INSTRUCTIONS FOR THE TASK
Below are some entries. Repeat exactly the lines from the one with "Rincuora vedere i" through the one with "Citroën Berlingo /", and only those.

INFORMATION SHOWN
——————————
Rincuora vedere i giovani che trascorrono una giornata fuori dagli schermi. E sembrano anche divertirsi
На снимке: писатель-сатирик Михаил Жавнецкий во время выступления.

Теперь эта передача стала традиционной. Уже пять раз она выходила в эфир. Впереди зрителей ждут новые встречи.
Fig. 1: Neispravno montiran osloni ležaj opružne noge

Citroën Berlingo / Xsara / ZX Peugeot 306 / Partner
——————————
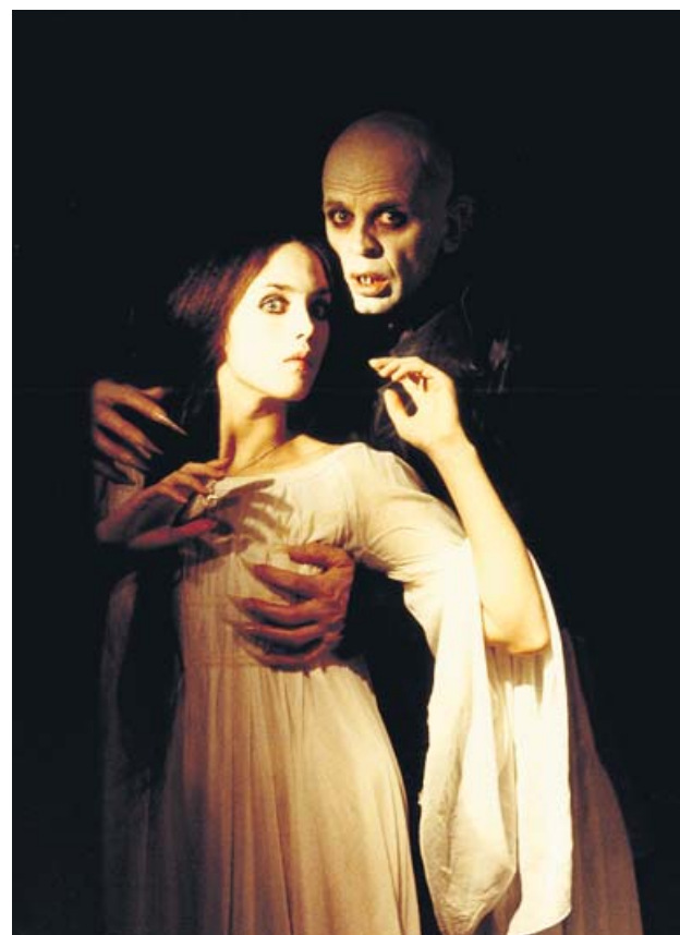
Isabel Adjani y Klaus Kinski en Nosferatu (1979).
——————————
FINAL ANSWER
Rincuora vedere i giovani che trascorrono una giornata fuori dagli schermi. E sembrano anche divertirsi
На снимке: писатель-сатирик Михаил Жавнецкий во время выступления.

Теперь эта передача стала традиционной. Уже пять раз она выходила в эфир. Впереди зрителей ждут новые встречи.
Fig. 1: Neispravno montiran osloni ležaj opružne noge

Citroën Berlingo / Xsara / ZX Peugeot 306 / Partner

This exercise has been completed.